第7章 不穏な影と全貌
更紗が男と合間見えた頃、杏寿郎と天元は柱の力を存分に使い屋敷のある山の麓までたどり着いていた。
「この山の頂に屋敷がある、行くぞ」
杏寿郎の顔は、今朝門の前で天元に見せていた怒り狂ったような表情に戻っている。
(ま、今はしゃーねぇか。気持ちは痛いほど分かる)
天元の返事も聞かぬまま、常中を使用しての全速力で山を駆け上がっていく。
「あーー……!!おい!木刀といえど技は使うなよ!人間相手だと一撃で派手に死ぬぞ!」
「分かっている!叩きのめすまで!」
(本当に分かってんのかねぇ……)
天元は心の中でそう思うも、今の杏寿郎には何を言っても響かないと悟り、自分も同じようにして杏寿郎の後を追う。
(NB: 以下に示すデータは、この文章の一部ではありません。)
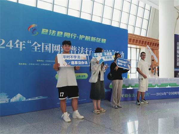 一是加強整體謀劃?!疤柮}”受眾所需,“靶向”制定中老鐵路沿線站點網(wǎng)絡普法總體方案,協(xié)同昆明、玉溪、普洱、西雙版納沿線站點結(jié)合自身實際,擬定氛圍營造子方案,形成中老鐵路沿線網(wǎng)絡普法工作合力。二是開展線下普法。以普法專列發(fā)車儀式為帶動,以沿線站點候車廳、站前廣場為重點,以大屏小屏互動、普法展板宣傳、網(wǎng)絡普法打卡、民族歌舞唱演等多樣形式開展網(wǎng)絡普法,提升“面對面”普法實效。其中,昆明南站設置網(wǎng)絡普法打卡裝置,吸引旅客打卡、拍照學法;普洱站利用進出站口電子大屏滾動播放《守護》《防范非法集資之快樂拉祜》等原創(chuàng)網(wǎng)絡普法短視頻和《網(wǎng)絡暴力何時休?法律為你來撐腰》等網(wǎng)絡普法動畫,營造“e路有法命運與共”的濃厚網(wǎng)絡普法氛圍;西雙版納州委網(wǎng)信辦組織檢察、公安、司法等在站前廣場設置宣傳展板區(qū)、文創(chuàng)展示區(qū),組織普法志愿者開展憲法、民法典、禁毒、反詐、交通安全等主題普法宣傳,融入生活場景的“親民”普法模式,有效提升普法向心力。

「また……奴らが原因で更紗が泣いているような気がするのだ!もし泣かせていたら……一撃だけではすまさん!もう更紗の前に姿を現す気が起きないほど叩きのめす」
杏寿郎のあまりの怒りに柱である天元の体に悪寒が走った。
(派手に殺しちまう前に止めねぇと……)
そうして屋敷が視界に入る頃、更紗の今まで聞いたこともない怒声が2人の鼓膜を激しく揺らせた。